JPWO2012111774A1 - Sliding material composition and sliding member - Google Patents

Abstract

The present invention provides a sliding material composition and a sliding member that can achieve low frictional properties at the time of start-up and sliding, and are excellent in wear resistance, even if the counterpart sliding member is a rubber-based material. For the purpose. This invention is a sliding material composition used for the sliding member whose other sliding member is rubber | gum, Comprising: Binder resin, Nomega-monoacyl basic amino acid 5-25 volume%, and molybdenum disulfide 5-25 The present invention relates to a sliding material composition containing 5% by volume and 5% by volume of polytetrafluoroethylene.

Description

  The present invention relates to a sliding material composition and a sliding member, and more particularly to a sliding material composition suitable for a sliding member whose counterpart sliding material is rubber.

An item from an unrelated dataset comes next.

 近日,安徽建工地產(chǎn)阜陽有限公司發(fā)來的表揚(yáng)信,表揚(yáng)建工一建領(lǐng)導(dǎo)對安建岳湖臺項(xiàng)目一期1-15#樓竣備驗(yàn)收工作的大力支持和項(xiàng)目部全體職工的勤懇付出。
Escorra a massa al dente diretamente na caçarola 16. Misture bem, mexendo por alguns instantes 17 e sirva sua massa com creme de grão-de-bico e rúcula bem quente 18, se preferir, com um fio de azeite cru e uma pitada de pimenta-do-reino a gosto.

  Conventionally, in order to lubricate sliding parts of machinery, a sliding material composition is coated on the surface of each sliding part to function as a lubricating film in the sliding part. For this reason, this type of sliding material composition is required to be a lubricating film with low friction, excellent wear resistance so that it will not wear even after long-term use, and good compatibility with the mating sliding material. The

  Conventional sliding material compositions include a sliding material composition (see Patent Document 1) containing a binder resin, a solid lubricant and an Nω-monoacyl basic amino acid, a heat resistant resin, a fluororesin, a solid lubricant, an organo A sliding material composition containing polysiloxane and an organic solvent (see Patent Document 2) is known.

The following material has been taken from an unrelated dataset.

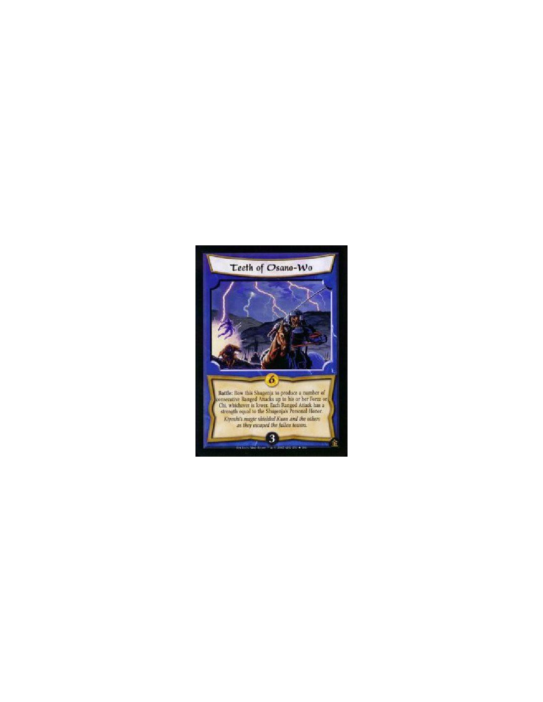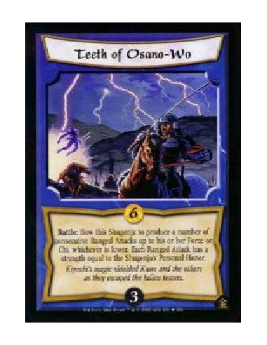 Teeth of Osano-Wo  - Battle: Bow this Shugenja to produce a number of consecutive Ranged Attacks up to his or her Force or Chi,
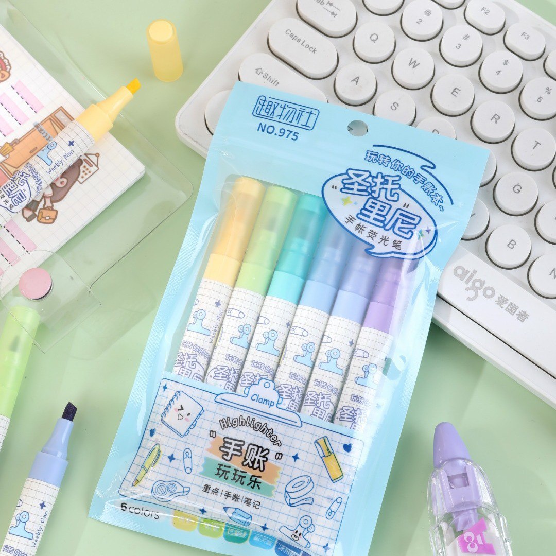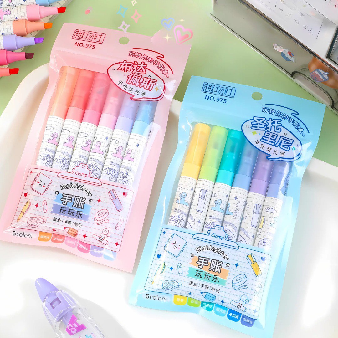 Ilumina tus notas y tareas con estos destacadores fluorescentes, disponibles en 6 colores surtidos por set.

Japanese Unexamined Patent Publication No. 2004-10707 Japanese Laid-Open Patent Publication No. 8-109352

  The sliding material composition described in Patent Document 1 is excellent in low friction and wear resistance under non-lubricated conditions, that is, in a dry condition where there is no fluid lubrication such as oil or grease, but under mixed lubrication, Under conditions where fluid lubrication (lubrication in an environment with oil or grease) and boundary lubrication (lubrication in an environment with no oil or grease) can occur, especially when the mating sliding member is a rubber-based material In addition, there is a problem that the coefficient of static friction is large.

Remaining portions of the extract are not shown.